__WHAT THE EXERCISE ASKS__: Begin at the line below that holds "Gallery 20 - Day" and end at the line that holds "Изящное приталенное платье", transcribing each line exactly and skipping any picture.

__RECORD SET__:
*** Block opens ***

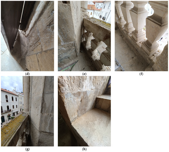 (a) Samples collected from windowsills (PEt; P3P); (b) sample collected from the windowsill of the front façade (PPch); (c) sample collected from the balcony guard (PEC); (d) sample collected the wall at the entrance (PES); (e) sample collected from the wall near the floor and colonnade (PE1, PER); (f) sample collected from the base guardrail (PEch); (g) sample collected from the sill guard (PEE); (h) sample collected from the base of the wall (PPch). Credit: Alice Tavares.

*** Block closes ***
*** Block opens ***

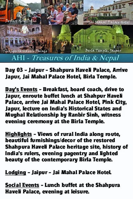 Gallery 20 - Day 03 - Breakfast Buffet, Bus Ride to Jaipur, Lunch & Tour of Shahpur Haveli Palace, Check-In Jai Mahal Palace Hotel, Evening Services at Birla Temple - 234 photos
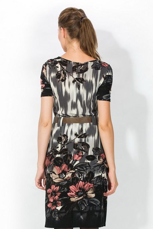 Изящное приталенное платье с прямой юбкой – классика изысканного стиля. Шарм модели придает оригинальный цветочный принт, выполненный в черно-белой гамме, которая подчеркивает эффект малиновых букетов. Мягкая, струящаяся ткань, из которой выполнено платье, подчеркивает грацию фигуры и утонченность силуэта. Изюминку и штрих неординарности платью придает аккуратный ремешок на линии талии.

*** Block closes ***

__RESPONSE TO THE TASK__:
 Gallery 20 - Day 03 - Breakfast Buffet, Bus Ride to Jaipur, Lunch & Tour of Shahpur Haveli Palace, Check-In Jai Mahal Palace Hotel, Evening Services at Birla Temple - 234 photos
 Изящное приталенное платье с прямой юбкой – классика изысканного стиля. Шарм модели придает оригинальный цветочный принт, выполненный в черно-белой гамме, которая подчеркивает эффект малиновых букетов. Мягкая, струящаяся ткань, из которой выполнено платье, подчеркивает грацию фигуры и утонченность силуэта. Изюминку и штрих неординарности платью придает аккуратный ремешок на линии талии.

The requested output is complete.